政府は7月30日、2027年度予算の「概算要求基準」を閣議了解した。翌年度の予算編成を前に、各省庁が実施したい事業と予算をまとめて、8月末までに財務省に提出する。
政府は今回、通常の歳出枠とは別に「『強く豊かな日本』投資枠」を創設した。同投資枠は、予算要求時の上限金額を設けない。具体的な金額を示さない「事項要求」も認める。AIなど高市政権が重視する重点分野における官民投資を促し、国内成長の後押しや経済安全保障の強化につなげる狙いだ。

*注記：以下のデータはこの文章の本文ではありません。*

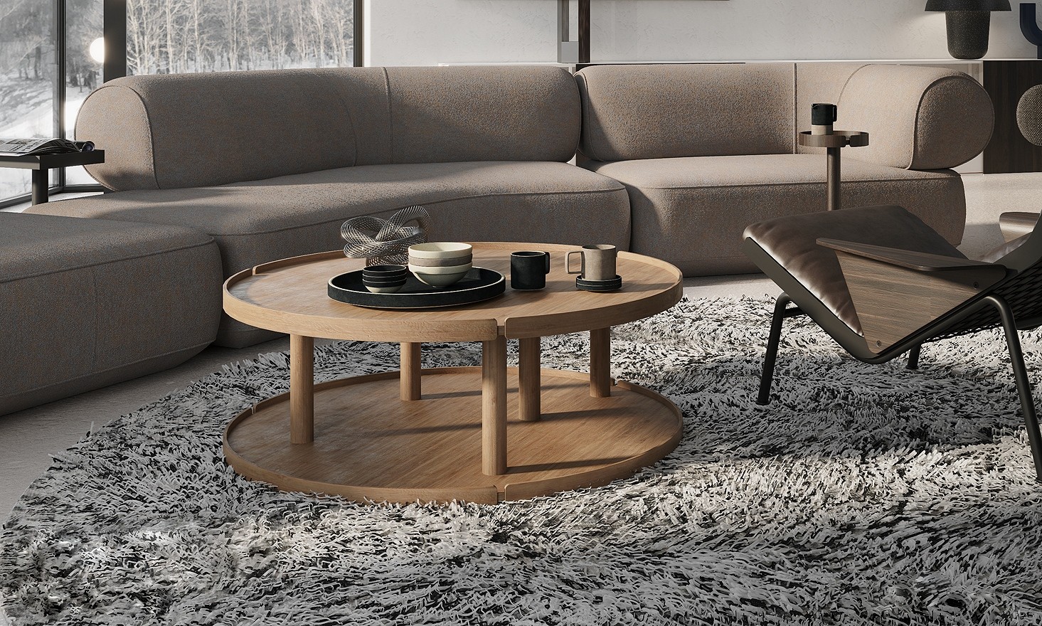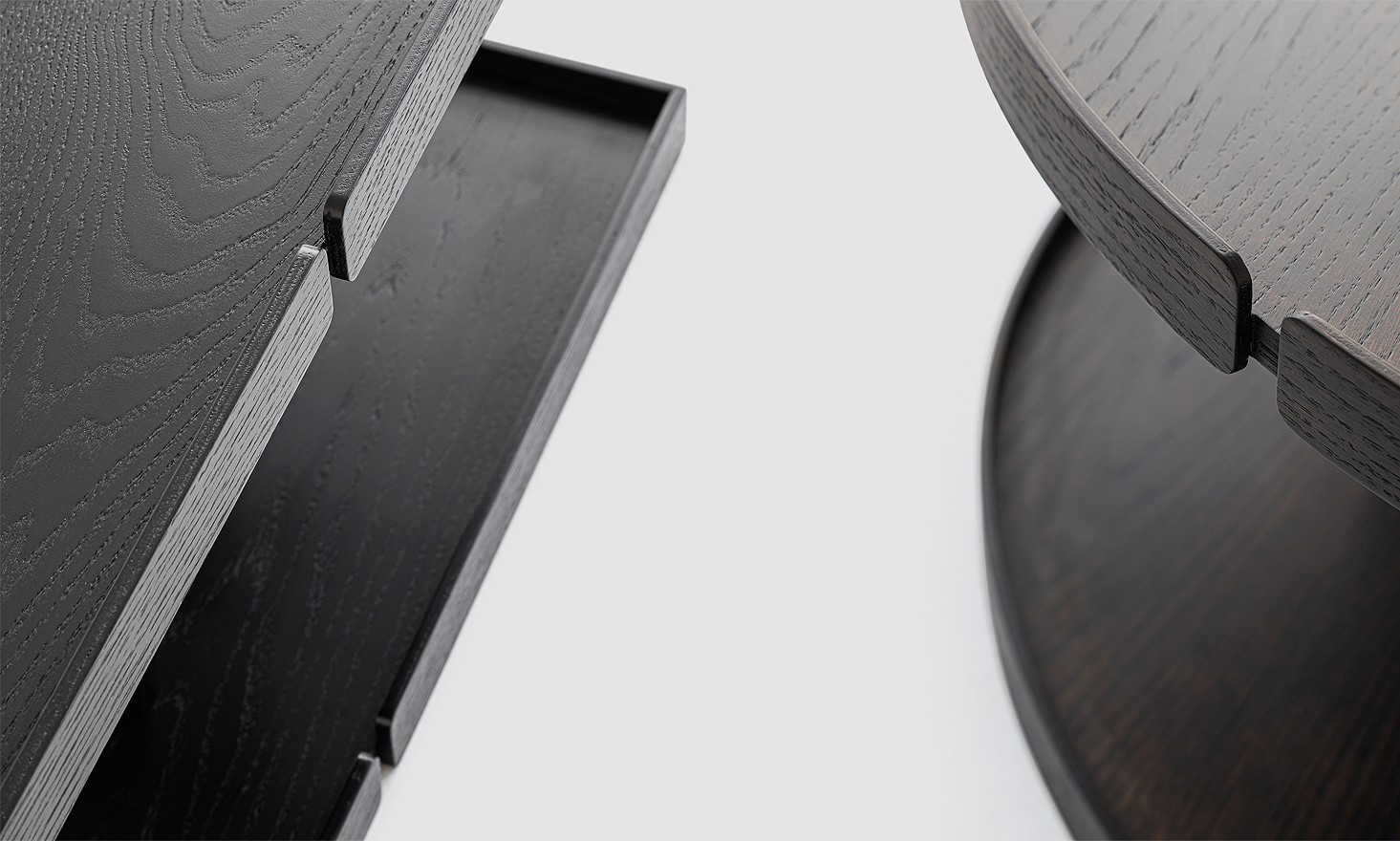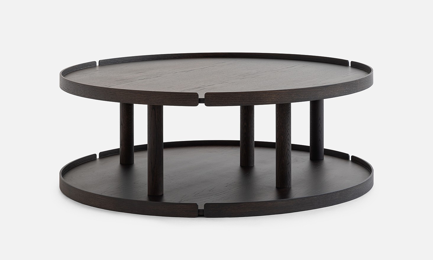 Stoliki Serif występują aż w 6 rozmiarach, dostępne w wersji okrągłej jak i prostokątnej, wykonane z okleiny dębowej oraz litego drewna.
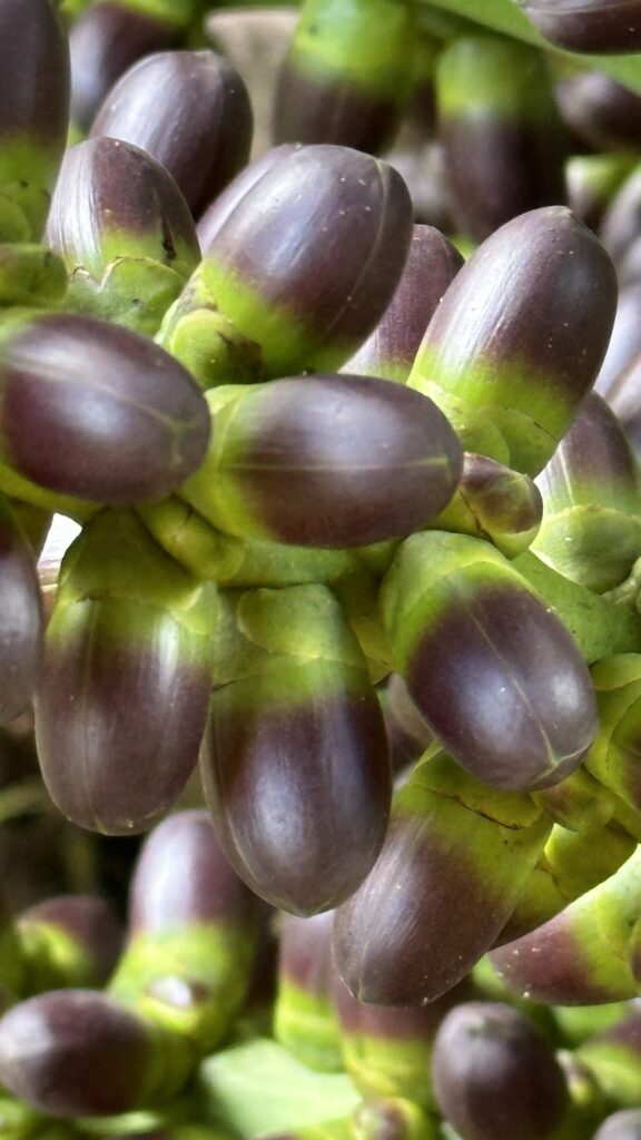The garden changes day to day, hour to hour, it is never the same. Walk along the paths today and it won’t be like it was last month. This is the garden now, October 12, 2024. Did you know that plants can communicate with each other and with insects through chemical signals. When under attack by pests, some plants release volatile organic compounds into the air. These signals can warn neighboring plants to preemptively strengthen their own defenses and can also attract the predators of the pests attacking them, effectively calling for backup. And there is this: Some plants exhibit incredible adaptability to extreme environments. For instance, Welwitschia mirabilis, found in the Namib Desert, survives with only the moisture from fog and dew; it can live for over a thousand years in one of the harshest environments on Earth.
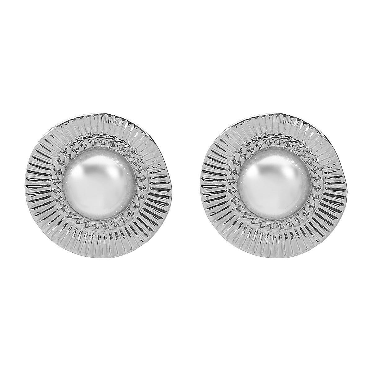 Wholesale Pleated Inlaid Pearl Earrings Ring Necklace Elegant Niche Geometric Alloy

片山さつき財務大臣は「強く豊かな日本投資枠については『投資額にアッパーリミット(上限)は設けない』『青天井で要求してください』『金額が分からなければ事項名だけでも構わない』という姿勢で概算要求を作っていく」と、都内で開かれたイベントに登壇して述べた。

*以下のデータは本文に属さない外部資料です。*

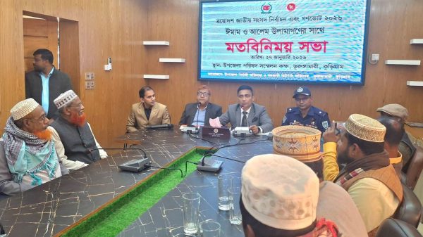 মোঃগোলাম মোস্তফা,ভূরুঙ্গামারী (কুড়িগ্রাম) প্রতিনিধি: কুড়িগ্রামের ভুরুঙ্গামারীতে ত্রয়োদশ জাতীয় সংসদ নির্বাচন ও গণভোট-২০২৬ উপলক্ষে ইমাম ও আলেম-ওলামাগণের সঙ্গে উপজেলা প্রশাসনের উদ্যোগে এক মতবিনিময় সভা অনুষ্ঠিত হয়েছে। মঙ্গলবার (২৭ জানুয়ারি) উপজেলা পরিষদ ...বিস্তারিত পড়ুন
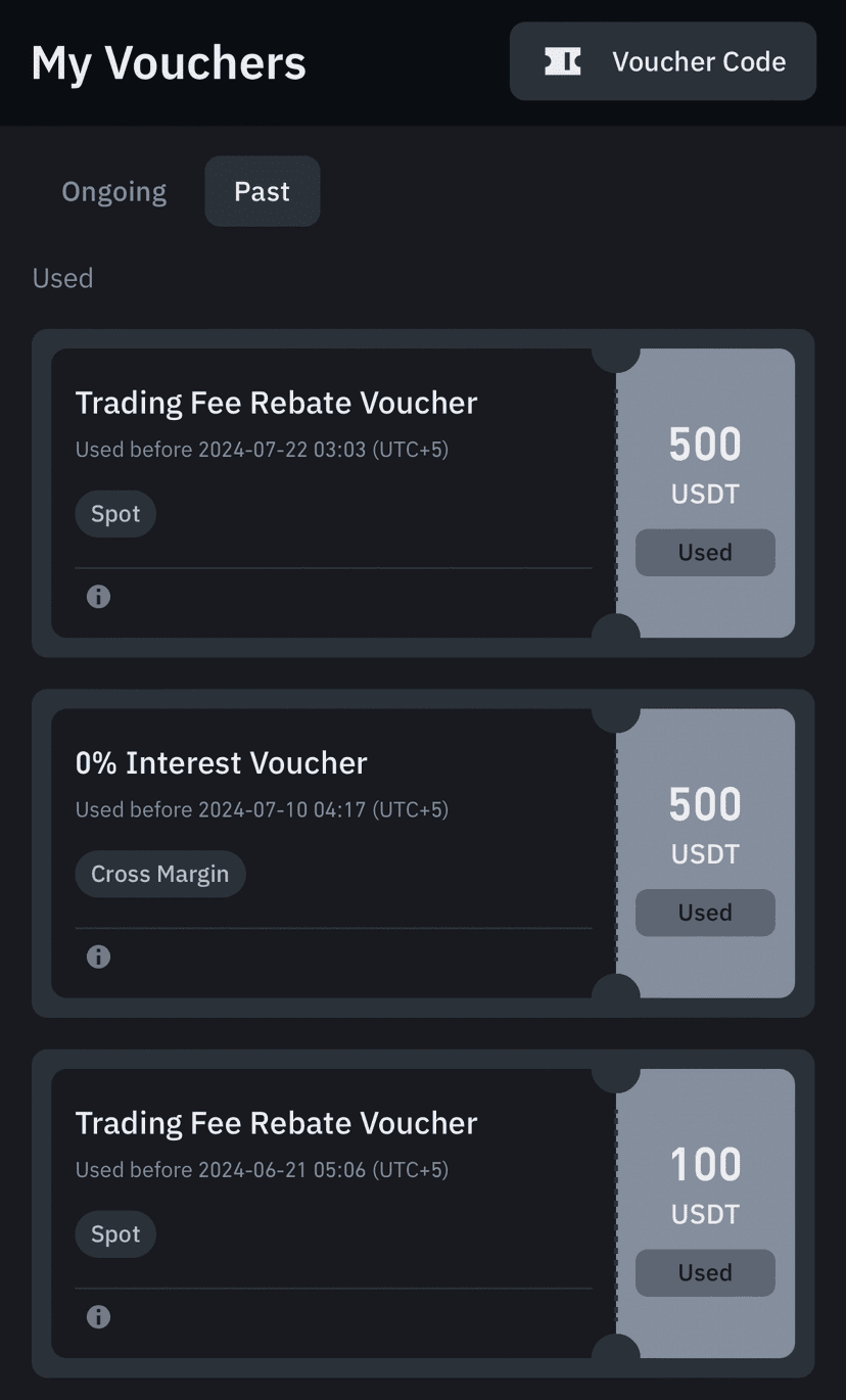 - Quando esegui un'operazione, lo sconto sulla commissione verrà detratto in base ai termini del voucher fino all'esaurimento o alla scadenza del voucher.
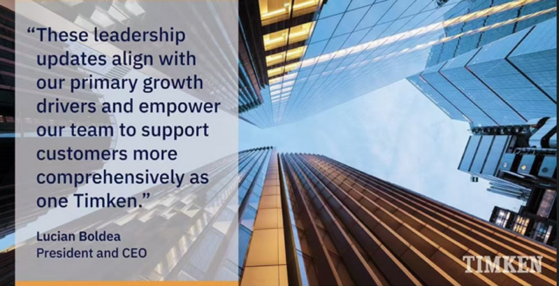 鐵姆肯公司總裁兼首席執行官Lucian Boldea表示,“這些有針對性的管理層調整,與公司的核心增長驅動因素高度契合,并將進一步賦能我們的團隊,以‘一個鐵姆肯公司(One Timken)’的整體合力更全面地支持客戶。”

政府は、日本の成長戦略をどう描こうとしているのか。片山大臣が語った。
本記事は、米国のベンチャーキャピタルであるPegasus Tech Venturesが主催した「スタートアップワールドカップ2026 東京予選」(7月17日開催)の取材を基に構成したもの。
2027年度予算は、高市政権が一から編成する初の予算だ。同政権は総合経済対策として、危機管理投資・成長投資による「強い経済の実現」を掲げている。AI・半導体、データセンター、量子技術、エネルギー、コンテンツ産業などの「戦略17分野」で、2040年度までに累計370兆円以上の官民投資を想定している。強く豊かな日本投資枠は、この方針に沿った効果的な政策を推進することが目的だ。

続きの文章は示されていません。